PS: Can you also reopen this issue?
Thank you for your effort here @DigitalPig . Reopened
I found a very interesting thing when trying to figure out why it gets stuck. I ran test code on my Ubuntu 16.10 with conda equipped with python 3.6/xgboost from conda-forge/dask-xgboost from github. Everything seems to be fine. All tests pass and I use Titanic training data with dask_xgboost
and it successfully trained as well except complaining the "hist" option in params
.
But on my cluster, which is built based on AWS EC2 RHEL7. I cannot pass the test_numpy
. Also, my training got stuck using Titanic data as well. Same conda environment.

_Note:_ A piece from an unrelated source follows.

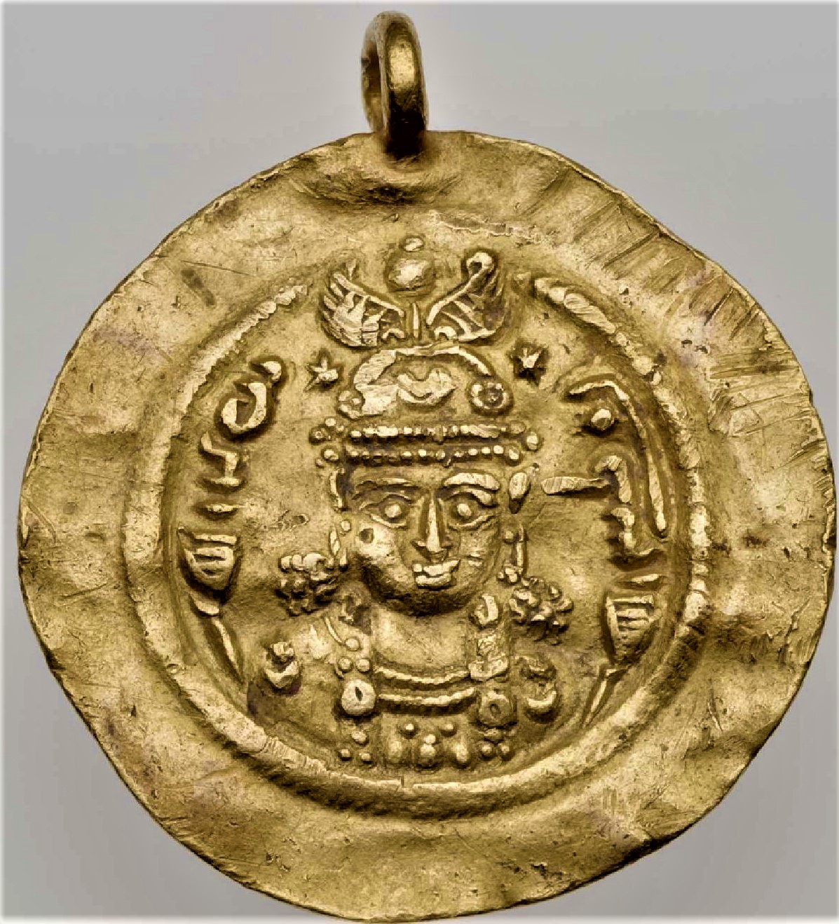 Obverse: Bust of Boran, wearing round crown surmounted by spreading wings enclosing crescent and globe; earrings, necklace, crescent and star on robe at shoulder; grenetis. Inscribed. Reverse: Standing figure of Boran, wearing crown; crescent and star on either side; grenetis. Inscribed.

I am going to provision a Ubuntu cluster and see if I can reproduce the issue.
Indeed seeing tests have different behavior in the same conda environment is quite odd.
After provisioned a Ubuntu 14.04 cluster with same setup, all tests can pass now. The toy example using titanic can run through as well both under LocalCluster and real cluster.
I think this may due to the RHEL7 issue somewhere, although I am not sure where.
Also, it would be really great that we can grab output information from xgboost
during the process.
Also, it would be really great that we can grab output information from xgboost during the process.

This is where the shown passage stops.